The question is not which set of numbers is true. Both are true. The question is which set of numbers you are asked to look at — and who benefits from you looking at only one.
Taiwan just became the fifth largest stock market in the world. That is real. It reflects genuine technological dominance, decades of industrial policy executed with extraordinary precision, and an irreplaceable position in the global semiconductor supply chain that no competitor has come close to replicating.
But a stock market ranking measures where capital has accumulated — not how broadly prosperity is distributed, not whether the system generating that capital is sustainable, and not whether the people who built that system have shared meaningfully in what it produced.
The Economist called it the "Taiwanese disease." The diagnosis is accurate — but it understates the structural lock-in. A disease implies something went wrong. What Taiwan illustrates is a system that has worked exactly as designed, optimising for export competitiveness and corporate profitability, while silently redistributing the costs onto those least positioned to bear them: the young worker who cannot buy a home, the retiree whose savings sit inside a currency mismatch they were never told about, the graduate who looks at Taiwan's structural immobility and decides, rationally, to leave.

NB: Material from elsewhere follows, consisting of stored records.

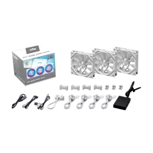Ventilateur sans fil ARGB 3 x 120 mm – Conception magnetique – Hub de ventilateur inclus, prend en charge jusqu’a 18 ventilateurs EZ120 – Cable en guirlande inclus – 28.82 dBA – 73.82 CFM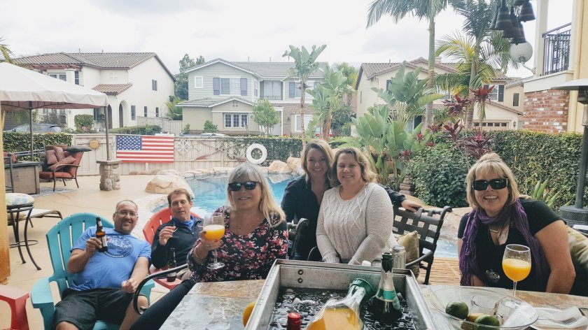 Brunch at the Alarcons is incomparable. From bloody Marys with bacon celery chili and pepper to biscuits and gravy (cooked up by Jack) waffles (made by Rebecca) with cream, chocolate, caramel sauce,strawberries, mimosas (made with Michael’s ratio of champagne to orange juice and he uses the excuse, that he doesn’t drink them so is unsure what the correct amount of champagne is required). I had 2 mimosas which were sufficient for the whole day.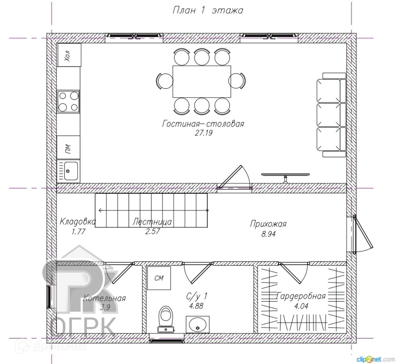 - на 1 этаже предусмотрена большая кухня-гостиная, санузел, гардеробная, бойлерная;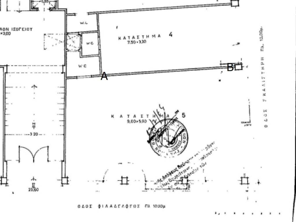 Corner retail store in the area of Kato Patisia with a total facade of 19 meters on Skalistriri and Filadelfeos Streets. It occupies part of the ground floor of a residential building constructed in mid-60's.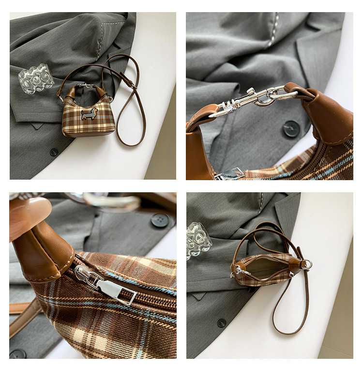 인터넷 붉은 가을과 겨울 새로운 복고풍 격자 무늬 강아지 한국 휴대용 미니 크로스 바디 액세서리 작은 가방 도매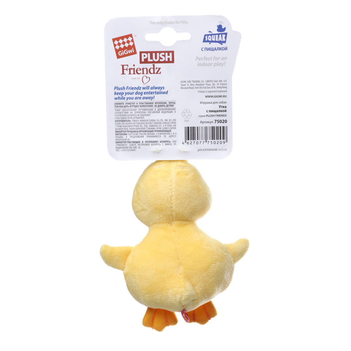 75020 Игрушка для собак Утка с пищалками 12см, серия PLUSH FRIENDZ, GiGwi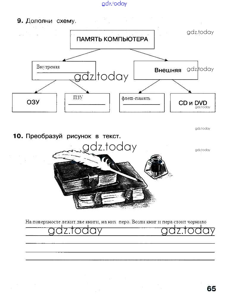 На страницах сайта gdz.today вы найдете учебный и вспомогательный материал, направленный на улучшения знаний школьной программы. ГДЗ - онлайн мир знаний Решение к части 1. Страницы 65 Рабочей тетради по Информатике для 3 класса Матвеева, Челак Бином 2017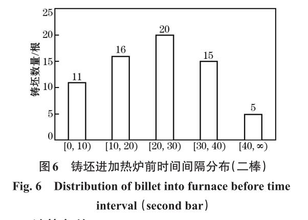 在入爐前設(shè)置一個測溫點,并且記錄下每根鑄坯到達加熱爐前的時間,就能計算出相鄰鑄坯到達加熱爐的時間間隔,統(tǒng)計結(jié)果如圖5和圖6所示。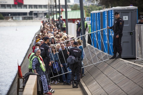 Вдоль набережной расставлены палатки с пирожками и водой, туалетные кабинки. В кабинках относительно чисто, вот только бумага повсюду закончилась. Вдоль рамок дежурят ОМОН, МЧС, полиция, попадаются православные волонтеры в салатовых нагрудниках. По реке плывут прогулочные катера. Многие останавливаются, чтобы сфотографировать их.
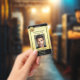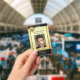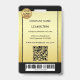 Photo ID badge featuring your custom photo and logo on a gold and black design. On the back you can add a custom bar code and/or QR code and additional texts (or delete the templates).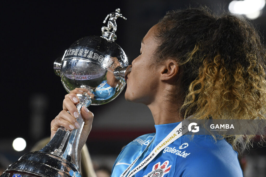 ©Sandro Pereyra-20211121SP_1232./ Ingryd, de Corinthians, tras coronarse Campeona de la Libertadores Femenina. Estadio Gran Parque Central, el 21 de noviembre de 2021. / Foto: Sandro Pereyra, Gamba.-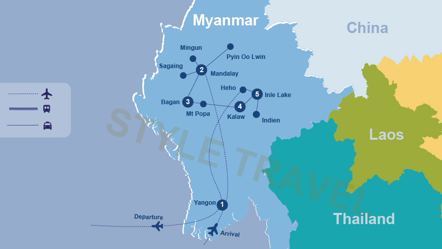 Yangon – Mandalay – Bagan – Mt Popa – Kalaw – Lago Inle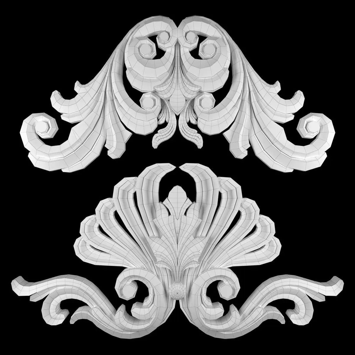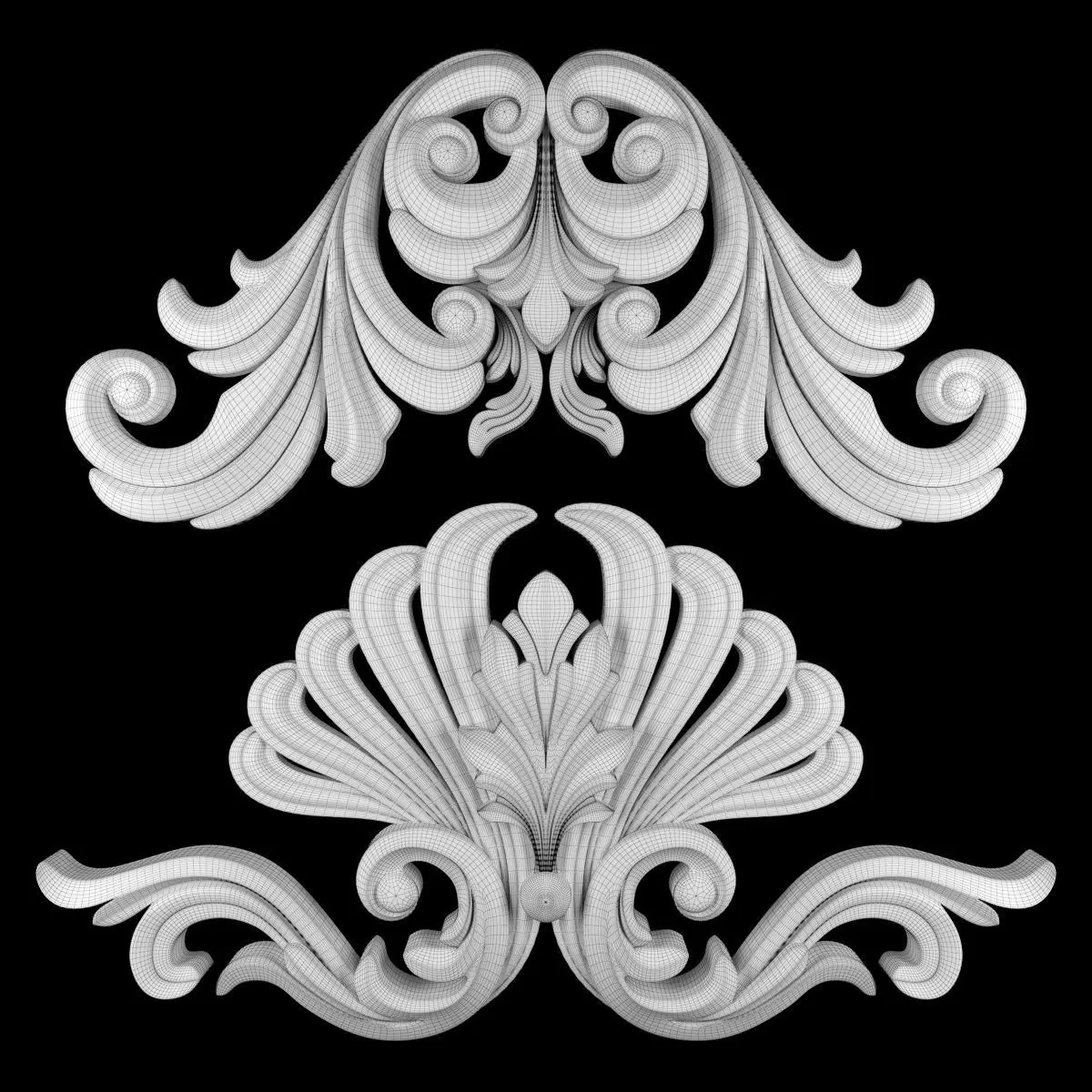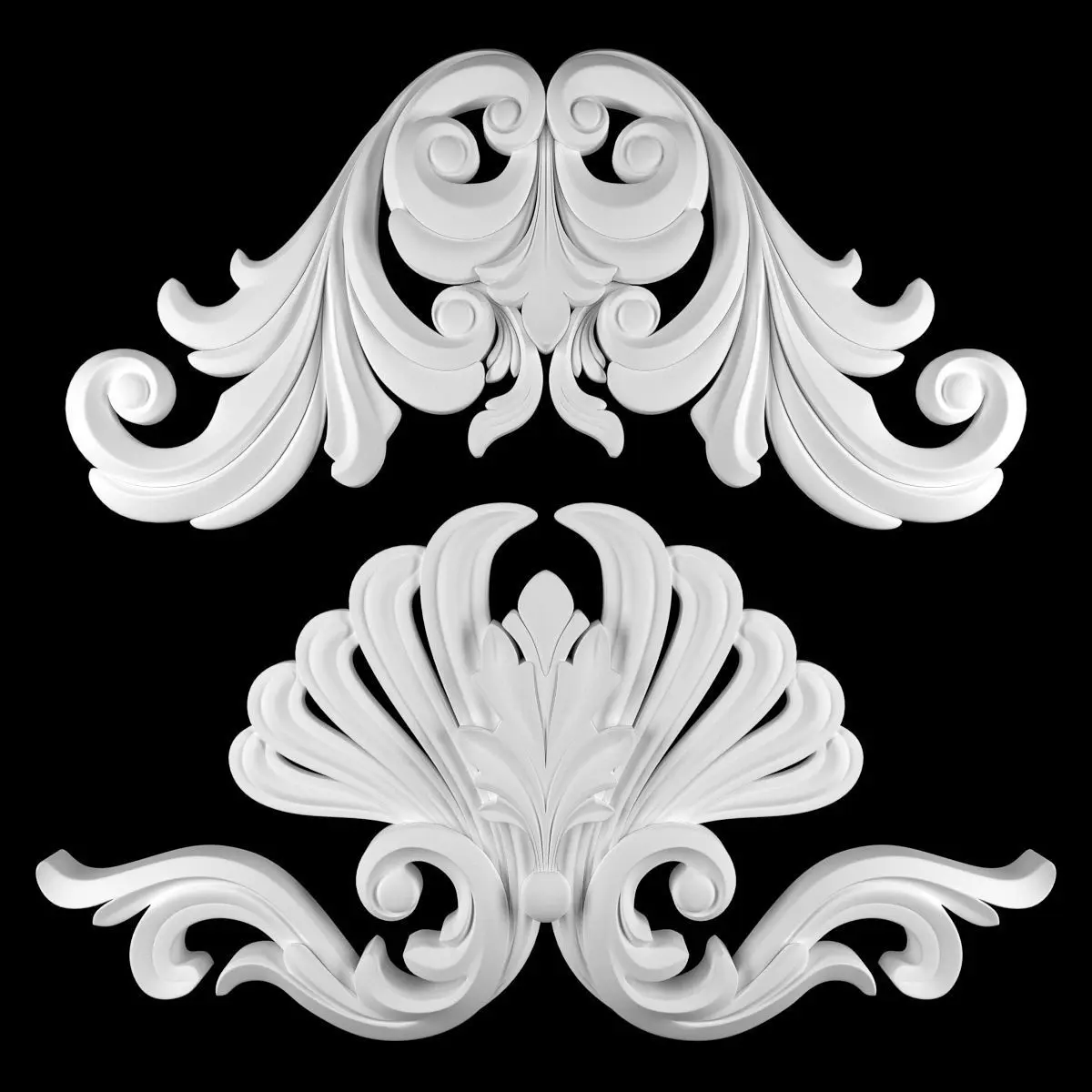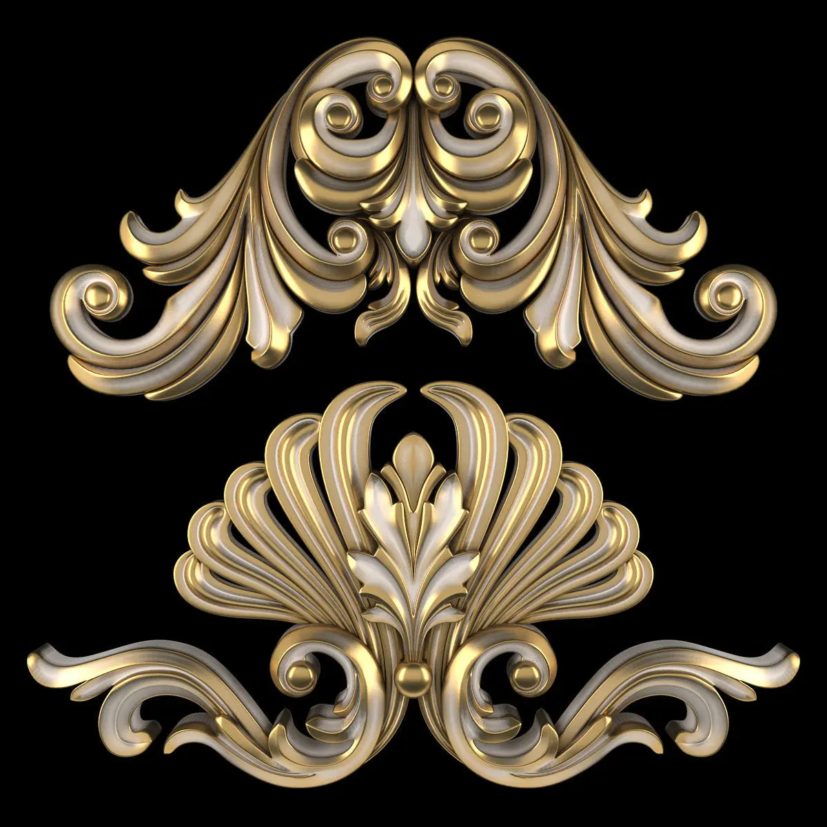 - *Ornament modeling is done with 3D Max software- -Material processing is done with two rendering engines : Corona and vray- *Is the 2016 project file version- *Files in the project: 3dsmax + Corona-3dsmax + Vray +Obj + Mtl- Name: Ornament 74- Version: 2016- Units: Centimeters- Dimension:68*36*5CM- Reset XForm: Yes- Formats: 3Ds Max 2016 - Vray + Corona- Poly: 104/136- Vertex: 108/015- - 3 Mtl : Gold + Gypsum + Blend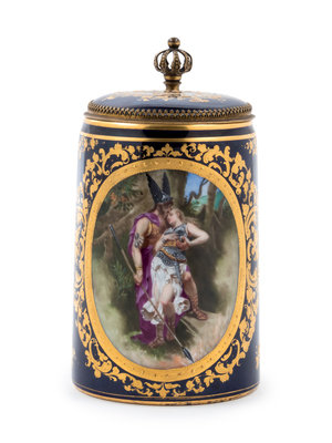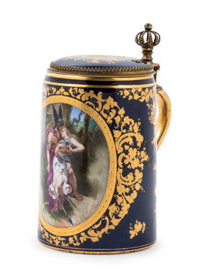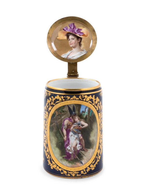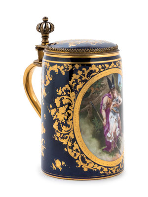 A Vienna Style Painted and Parcel Gilt Porcelain Tankard

Taiwan has the technological assets, the human capital, and the global leverage to build a more equitable economic future. The constraint is not capability. It is the structural entrenchment of a system in which every actor with power has an interest in its continuation — and every actor bearing its cost has no power to change it.
That is the conversation the headline will not start. This is an attempt to start it.